CURTAROLO/TRIBANO. Dopo settimane di incertezza cala il sipario sui punti vendita del Mercatone Uno di Tribano e Curtarolo. Dal 15 giugno le serrande resteranno abbassate e i 72 lavoratori dei due negozi padovani, 43 a Curtarolo e 29 a Tribano, andranno in cassa integrazione straordinaria. Nella nostra provincia si salva solamente il negozio di Noventa Padovana, aperto l’anno scorso e finora mai coinvolto nella crisi che ha investito il gruppo. A Tribano e Curtarolo invece la primavera scorsa era partita la svendita straordinaria, fra le proteste e la mobilitazione dei dipendenti. Di fatto ha svuotato i magazzini. Ormai gli scaffali sono pressoché vuoti e merce non ne è più arrivata. Nel frattempo i lavoratori hanno seguito il travaglio della società bolognese fino alla nomina da parte del Ministero dello Sviluppo Economico dei tre commissari straordinari. Qualche giorno fa era arrivata la notizia dell’accordo sulla cassa integrazione straordinaria a zero ore, fino al prossimo dicembre, per i 3.071 dipendenti della società M. Business che gestisce i 78 punti vendita sul territorio.
«Nel corso della riunione» riporta una nota dell’azienda «i commissari hanno confermato la situazione di grave difficoltà economico finanziaria del gruppo che, in attesa di poter accedere alle garanzie statali per le grandi imprese, può disporre di risorse molto limitate.
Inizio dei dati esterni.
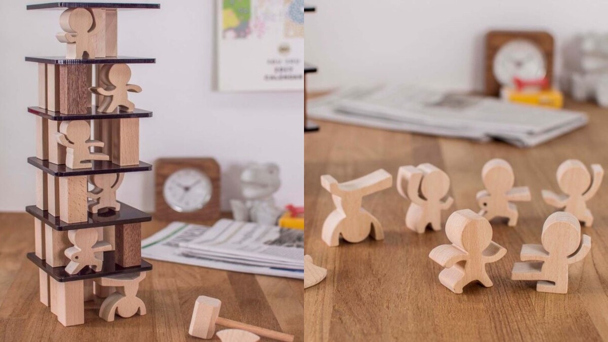 同樣是超常見的疊疊樂遊戲,今年就來場「升級版」!由木匠兄妹品牌全手工木製而成的「武林高手疊疊樂」,在疊上積木、木製人偶後,還能用大槌、大斧等武器敲打,以增加遊戲困難度。另外還有進階版「頂天立地」挑戰,讓氣氛嗨到最高點。
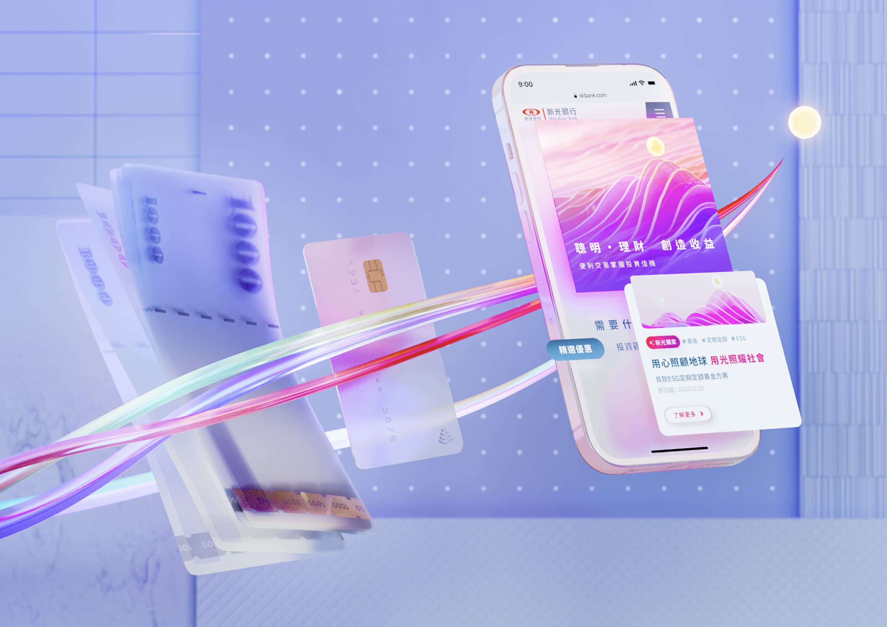 Shin Kong Bank("Shin Kong" refers to "New Light" in Chinese) Introduces "Light Evolution" which represents our value proposition of light is everywhere. Our goal is to reshape our existing brand which exists for over 60 years, bringing the concept of "Light Up Your Life" through an omni-channel experience across digital websites, visual identity system, branches, etc. We believe our customers' wealth will grow like plants through photosynthesis.
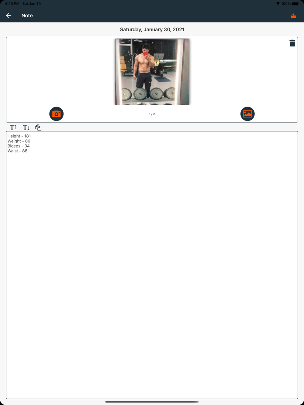 - Save important daily details (weights, height, waist, chest, biceps size, etc)

Per questo motivo è stata preannunciata la sospensione temporanea delle attività di circa 35 punti vendita entro il 15 giugno e l’adozione della cassa integrazione straordinaria per tutti i lavoratori coinvolti. I commissari, tuttavia, ritengono che, una volta reperite le risorse finanziarie, entro l’anno possa riattivarsi una parte consistente dei punti vendita e ritrovare così un equilibrio di cassa. Il collegio commissariale ha ribadito la ferma intenzione di voler attuare tutte le iniziative per garantire la continuità del gruppo mantenendo come obiettivo la salvaguardia dei livelli occupazionali». Promesse alle quali i lavoratori stentano a credere dopo mesi di silenzi. «Alcuni di noi avevano ricevuto una raccomandata» raccontano «nella quale si parlava della chiusura dal primo giugno. Poi ci hanno detto che si erano sbagliati e che avremo lavorato altre due settimane. In queste condizioni è difficile aver fiducia e vedere uno spiraglio per il futuro. Non sappiamo a chi interessi comprare dei negozi vuoti».